:: Input ::

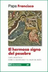 Carta apostólica Admirabile signum del Santo Padre Francisco sobre el significado y el valor del belén. Con esta Carta quisiera alentar la hermosa tradición de nuestras familias que en los días previos a la Navidad preparan el belén, como también la costumbre de ponerlo en los lugares de trabajo, en las escuelas, en los hospitales, en las cárceles, en las plazas. Es realmente un ejercicio de fantasía creativa, que utiliza los materiales más dispares para crear pequeñas obras maestras llenas de belleza. Se aprende desde niños: cuando papá y mamá, junto a los abuelos, transmiten esta alegre tradición, que contiene en sí una rica espiritualidad popular. Espero que esta práctica nunca se debilite; es más, confío en que, allí donde hubiera caído en desuso, sea descubierta de nuevo y revitalizada (n.1).
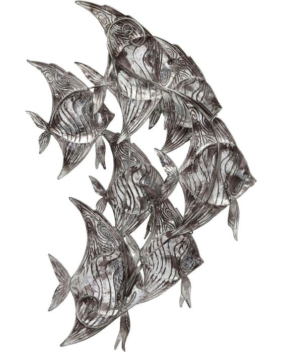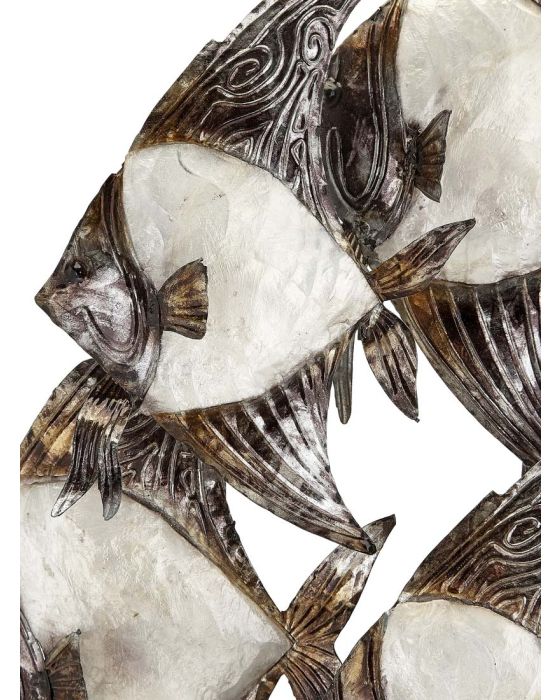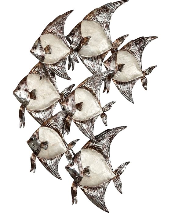This school of Capiz Banner Fish will delight all ages, as seven (7) fish swimming in formation are headed... somewhere! Steel and bronze-toned metal surround the ivory bodies and black eyes of the Capiz inlaid fish. At a sizeable 24" x 15", this wall decor will add depth to any office or home -- great for rooms, hallways, patios or balconies!!
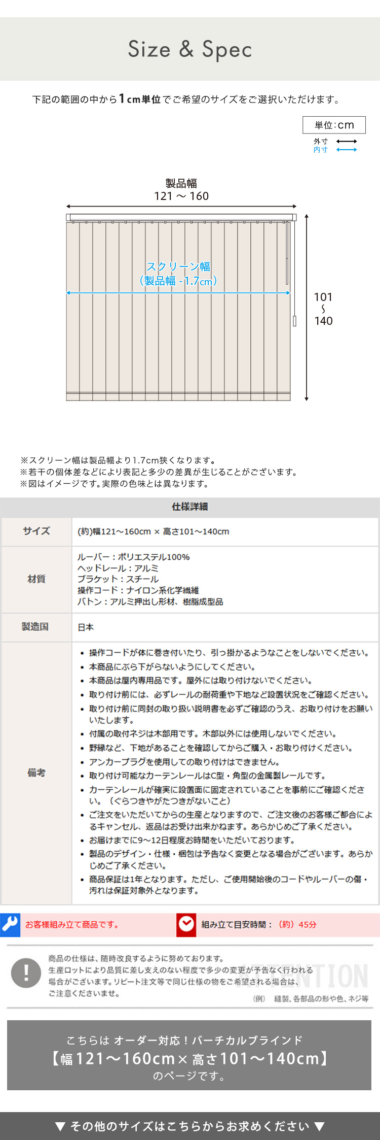 オーダー バーチカルブラインド 縦型ブラインド カーテン 防炎 カーテンレール取付 賃貸可能 日本製 おしゃれ ナチュラル 北欧 工事不要 1cm単位のオーダー対応!バーチカルブラインド 幅121~160cm×高さ101~140cm [SH-29-VBOD-7]
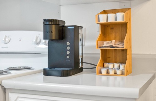 While there are some great dining options in town, our kitchen is fully stocked with all the essentials you'll need to cook you and your loved ones a nice meal. Fully equipped with a dishwasher, brand new refrigerator/freezer, microwave, stove, oven, toaster, Keurig coffee maker with full coffee bar, dishes/silverware, cooking utensils, and pots/pans. The adjacent dining area has seating for four guests.
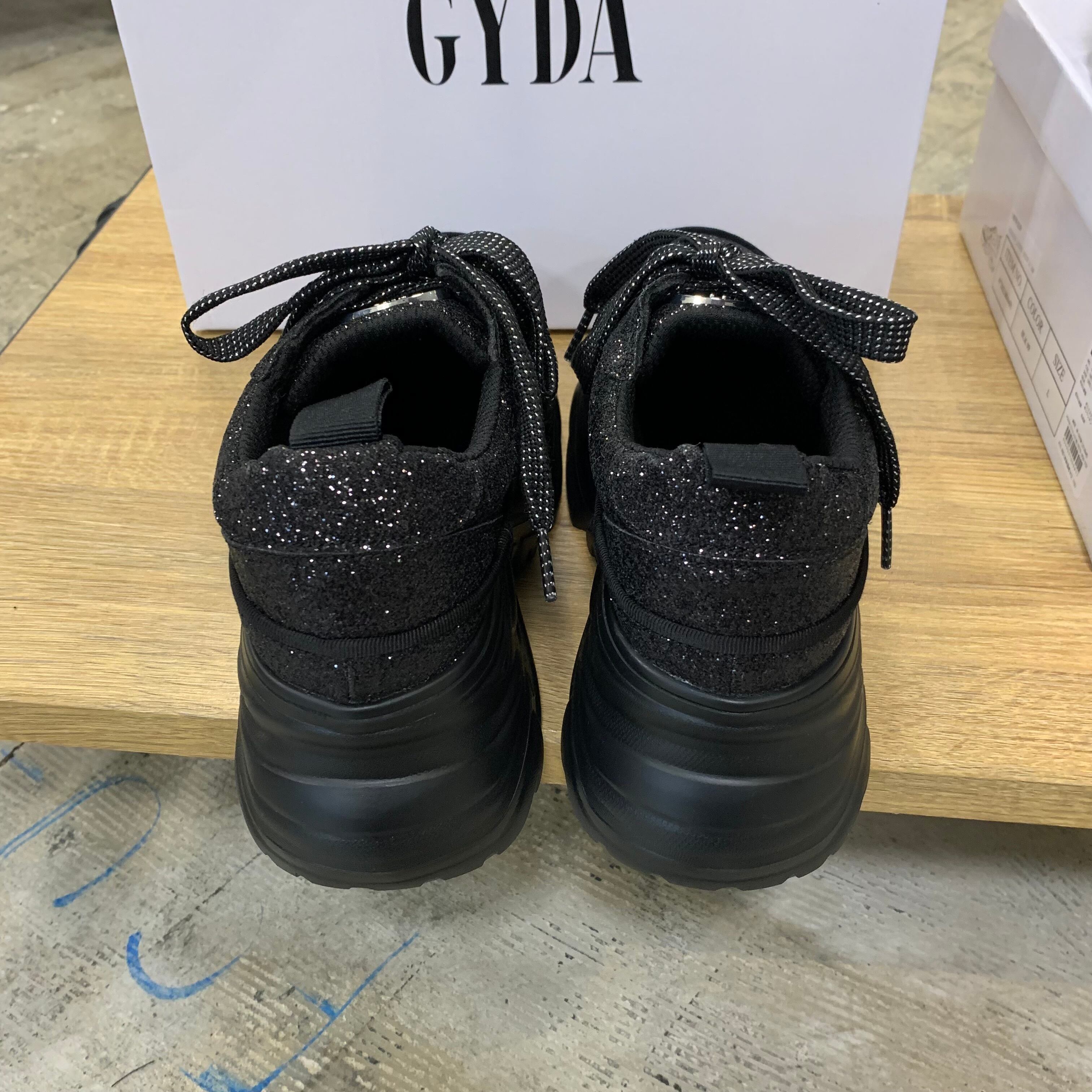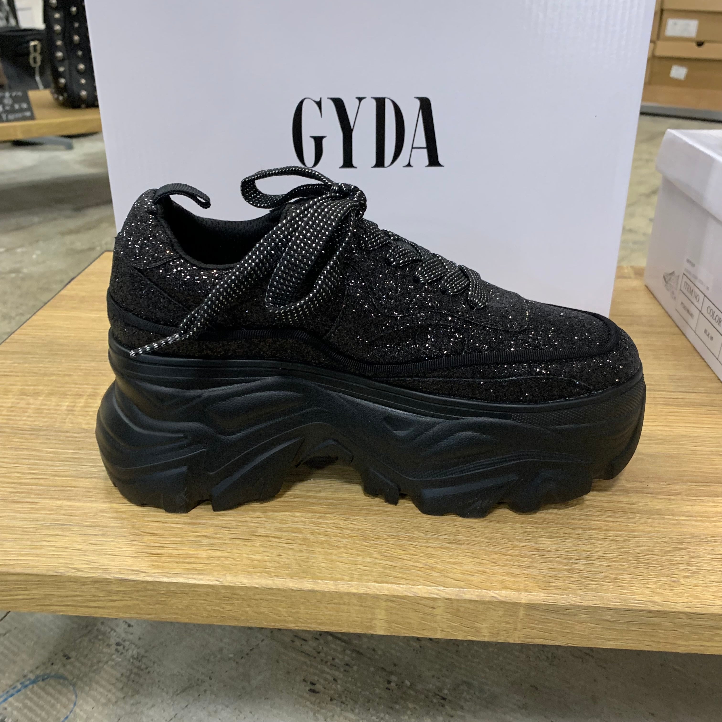 ボディーにグリッター素材を使用した、圧倒的存在感を放つ厚底スニーカー。
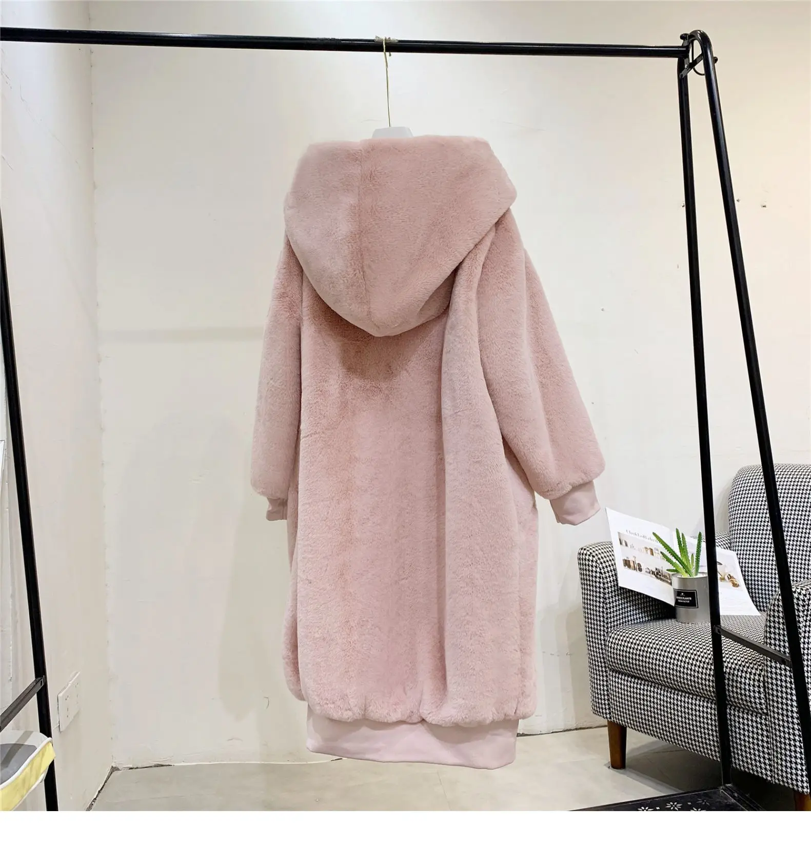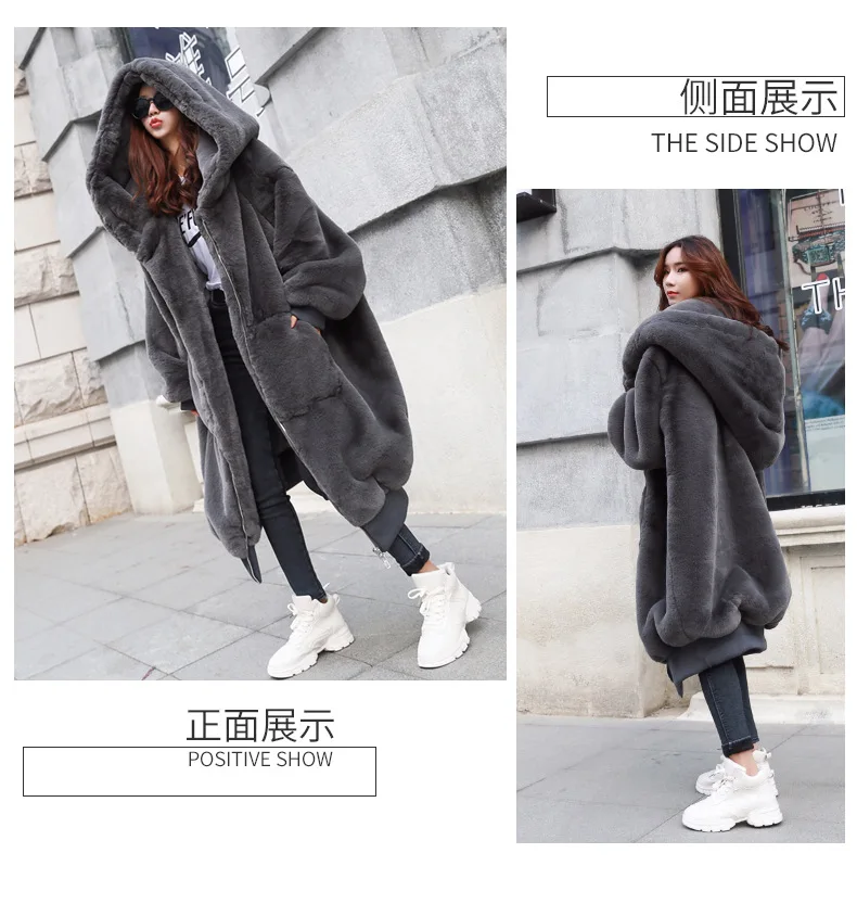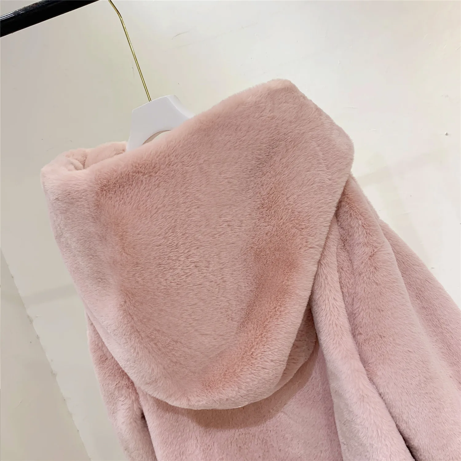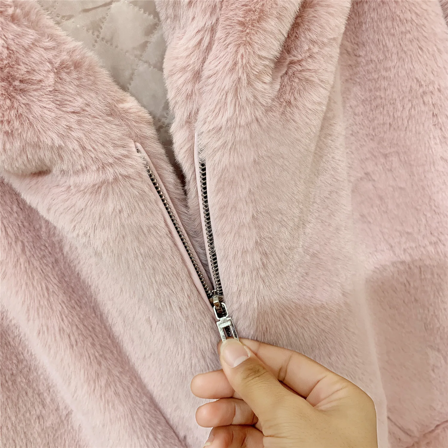 Пальто из искусственного меха для женщин, зимнее пальто оверсайз, плотное теплое плюшевое пальто, женская куртка с большим капюшоном из искусственного меха, женское розовое плюшевое пальто на молнии
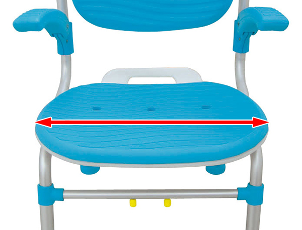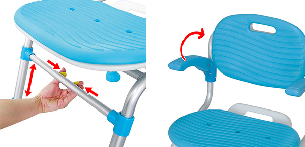 | 座面高さ調節ワンタッチ ツマミを寄せて、パイプを上下させるだけで簡単に高さ調節ができます。パイプは2本が連動するので、前後2回の調整で済みます。床に置いたままでもスムーズに調整ができます。 | 可動式の肘かけ付き 肘かけは上下するので、体位が変えやすく洗浄時邪魔になりません。また、浴槽とのすき間が少なくなりスムーズに出入りができます。 |
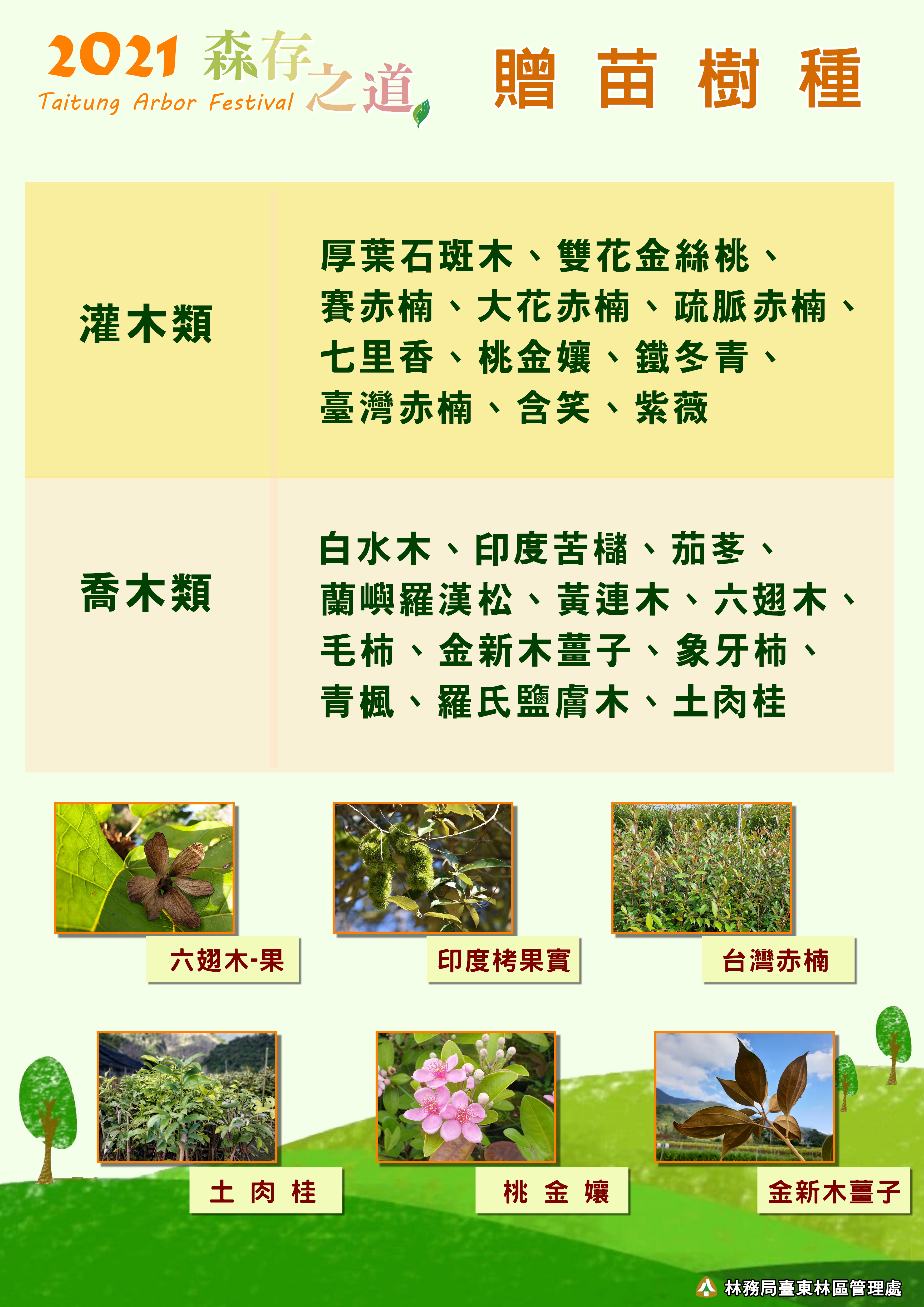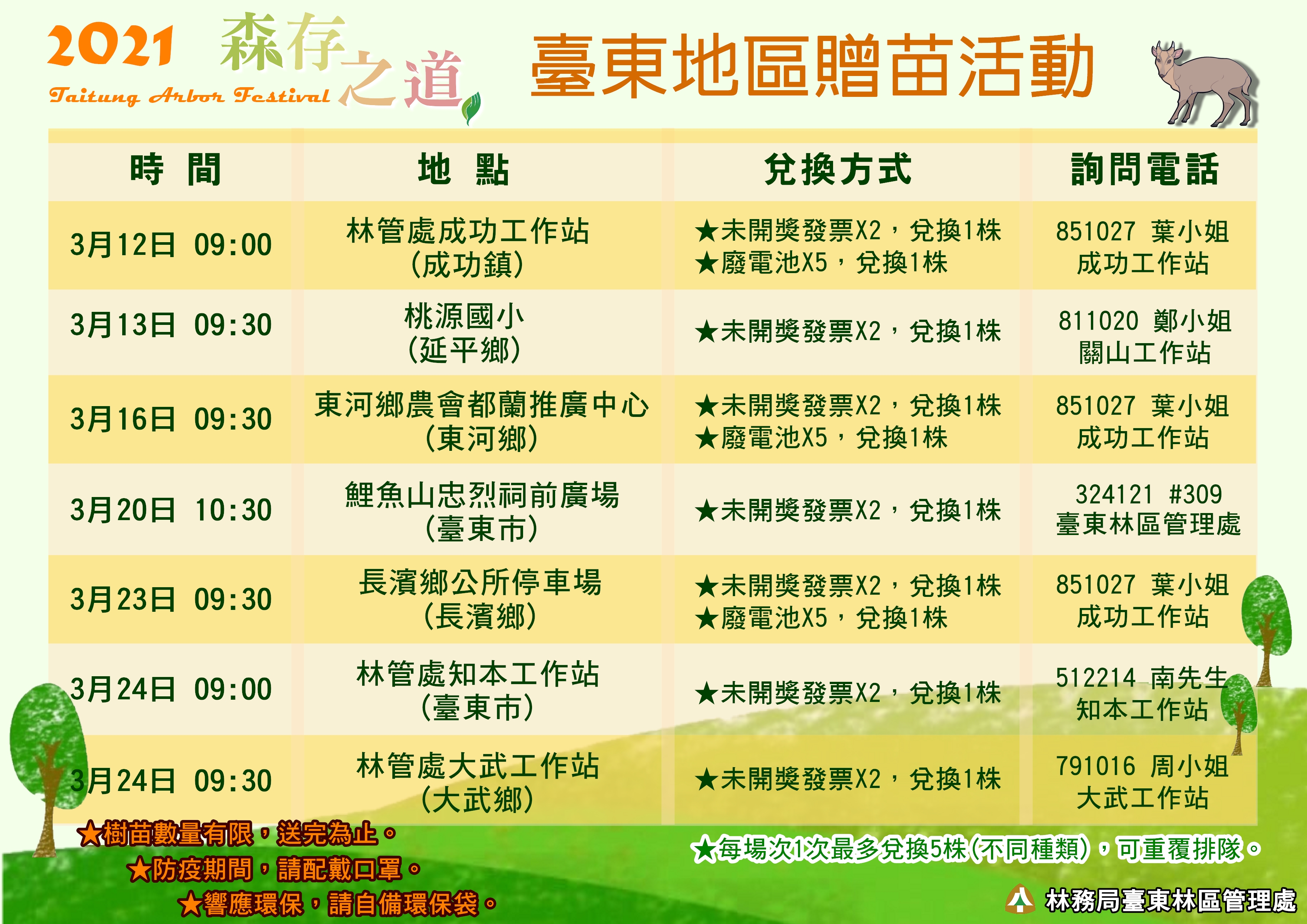 贈苗活動將於當日早上10時30分接續開始,地點在鯉魚山忠烈祠前牌坊廣場。憑110年1-3月未開獎紙本統一發票2張,可兌換1株苗木;每人每次排隊限兌換不同種類苗木合計5株(數量有限、換完為止)。為推廣臺灣原生樹種,本次贈送的皆為臺灣原生種,灌木類的有:厚葉石斑木、都蘭山金石榴、凹葉柃木、雙花金絲桃、賽赤楠、疏脈赤楠、七里香、桃金孃、鐵冬青、臺灣赤楠、含笑、紫薇;喬木類則有:白水木、印度苦櫧、茄苳、蘭嶼羅漢松、黃連木、六翅木、毛柿、金新木薑子、象牙柿、青楓、羅氏鹽膚木及土肉桂,總計約2,500株苗木,響應環保苗木容器也更改為環保紙漿盆。民眾領苗時請自備環保提袋或容器,另響應防疫新生活運動,領苗時請載口罩。活動洽詢電話:089-324121轉309、323(請於上班時間來電)。

:::

● **Problem**: Repeat each line above exactly as it reads, omitting any pictures.

● **Output**:
 Carta apostólica Admirabile signum del Santo Padre Francisco sobre el significado y el valor del belén. Con esta Carta quisiera alentar la hermosa tradición de nuestras familias que en los días previos a la Navidad preparan el belén, como también la costumbre de ponerlo en los lugares de trabajo, en las escuelas, en los hospitales, en las cárceles, en las plazas. Es realmente un ejercicio de fantasía creativa, que utiliza los materiales más dispares para crear pequeñas obras maestras llenas de belleza. Se aprende desde niños: cuando papá y mamá, junto a los abuelos, transmiten esta alegre tradición, que contiene en sí una rica espiritualidad popular. Espero que esta práctica nunca se debilite; es más, confío en que, allí donde hubiera caído en desuso, sea descubierta de nuevo y revitalizada (n.1).
This school of Capiz Banner Fish will delight all ages, as seven (7) fish swimming in formation are headed... somewhere! Steel and bronze-toned metal surround the ivory bodies and black eyes of the Capiz inlaid fish. At a sizeable 24" x 15", this wall decor will add depth to any office or home -- great for rooms, hallways, patios or balconies!!
 オーダー バーチカルブラインド 縦型ブラインド カーテン 防炎 カーテンレール取付 賃貸可能 日本製 おしゃれ ナチュラル 北欧 工事不要 1cm単位のオーダー対応!バーチカルブラインド 幅121~160cm×高さ101~140cm [SH-29-VBOD-7]
 While there are some great dining options in town, our kitchen is fully stocked with all the essentials you'll need to cook you and your loved ones a nice meal. Fully equipped with a dishwasher, brand new refrigerator/freezer, microwave, stove, oven, toaster, Keurig coffee maker with full coffee bar, dishes/silverware, cooking utensils, and pots/pans. The adjacent dining area has seating for four guests.
 ボディーにグリッター素材を使用した、圧倒的存在感を放つ厚底スニーカー。
 Пальто из искусственного меха для женщин, зимнее пальто оверсайз, плотное теплое плюшевое пальто, женская куртка с большим капюшоном из искусственного меха, женское розовое плюшевое пальто на молнии
 | 座面高さ調節ワンタッチ ツマミを寄せて、パイプを上下させるだけで簡単に高さ調節ができます。パイプは2本が連動するので、前後2回の調整で済みます。床に置いたままでもスムーズに調整ができます。 | 可動式の肘かけ付き 肘かけは上下するので、体位が変えやすく洗浄時邪魔になりません。また、浴槽とのすき間が少なくなりスムーズに出入りができます。 |
 贈苗活動將於當日早上10時30分接續開始,地點在鯉魚山忠烈祠前牌坊廣場。憑110年1-3月未開獎紙本統一發票2張,可兌換1株苗木;每人每次排隊限兌換不同種類苗木合計5株(數量有限、換完為止)。為推廣臺灣原生樹種,本次贈送的皆為臺灣原生種,灌木類的有:厚葉石斑木、都蘭山金石榴、凹葉柃木、雙花金絲桃、賽赤楠、疏脈赤楠、七里香、桃金孃、鐵冬青、臺灣赤楠、含笑、紫薇;喬木類則有:白水木、印度苦櫧、茄苳、蘭嶼羅漢松、黃連木、六翅木、毛柿、金新木薑子、象牙柿、青楓、羅氏鹽膚木及土肉桂,總計約2,500株苗木,響應環保苗木容器也更改為環保紙漿盆。民眾領苗時請自備環保提袋或容器,另響應防疫新生活運動,領苗時請載口罩。活動洽詢電話:089-324121轉309、323(請於上班時間來電)。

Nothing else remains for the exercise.